This is a guest post by Chris Dashwood, Marketing Manager at RCA Records

The importance of gigs and tours to the music industry

Speaking from my eight years of music industry experience as a marketing manager, live music has always been an essential component of a successful album campaign. Indeed outside of a spectacular chart position, a particularly well timed show can be the defining moment which proves to the label, management, or agent that an artist is “about to go”.

In an industry which often lacks tangible measures by which to judge success or failure, something like a sold out tour can be an important litmus test to see how far along an artist is on their career trajectory. It’s also one of the most honest methods of proving to media that the band have an active following and therefore deserve coverage.
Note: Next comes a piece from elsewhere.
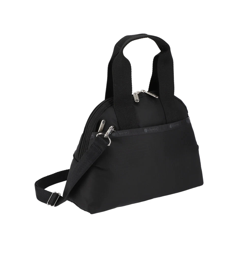 Zip main closure, Exterior front and back pockets with zip closures, 1.5 inch (3.8cm) wide top handles (Length: 13.8 in/35 cm ), 1 in (2.5cm) wide adjustable/detachable shoulder strap (Max length: 50.8 in/129 cm), Two interior front wall open pleated pockets, Interior back wall combination zip/open pocket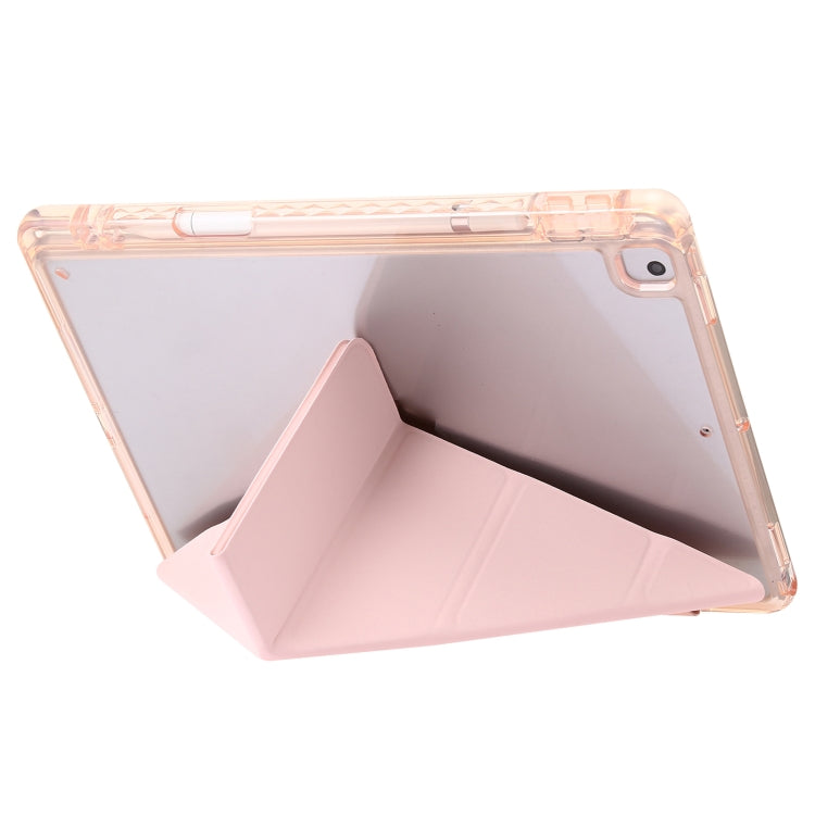For iPad 10.2 2021 / 2020 / 10.5 Clear Acrylic Deformation Leather Tablet Case(Pink)

I spend a lot of my time developing and nurturing new artists, building up a fan base from nothing or next-to-nothing, and have certainly seen the importance of nurturing a live following. Whilst it should never be relied on as a method of breaking an artist, booking the right support tour for a new band can see incredible natural growth across their socials.

On the opposite end of the spectrum, half-empty headline shows or a disappointing turnout to a festival performance is an important reason to rethink a campaign strategy or timeline.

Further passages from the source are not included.